● **What to produce**
Please repeat the lines below, exactly and only, from the one that holds "Falda brillos volados en pico" through the one that holds "ヘコむあだ名 | 『いわにー』『つくし』『いわぷりん』 |".

● **Given information**
───
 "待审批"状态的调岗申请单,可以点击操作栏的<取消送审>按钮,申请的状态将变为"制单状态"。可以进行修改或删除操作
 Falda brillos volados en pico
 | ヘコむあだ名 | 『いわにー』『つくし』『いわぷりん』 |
───
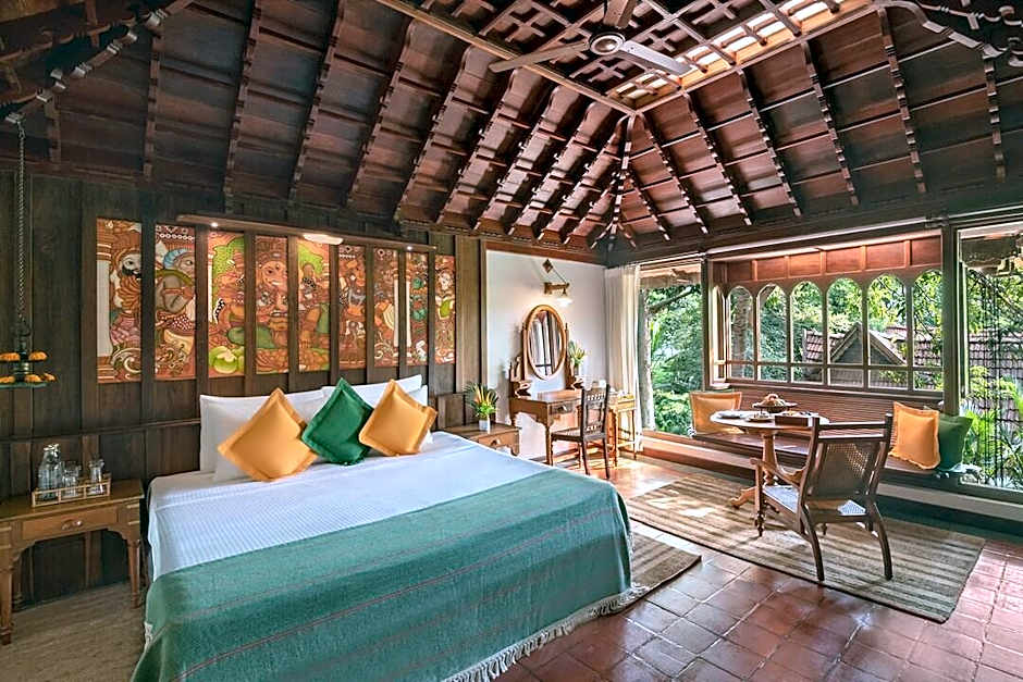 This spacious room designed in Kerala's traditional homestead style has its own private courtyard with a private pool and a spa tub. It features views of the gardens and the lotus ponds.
───
● **Response box**
 Falda brillos volados en pico
 | ヘコむあだ名 | 『いわにー』『つくし』『いわぷりん』 |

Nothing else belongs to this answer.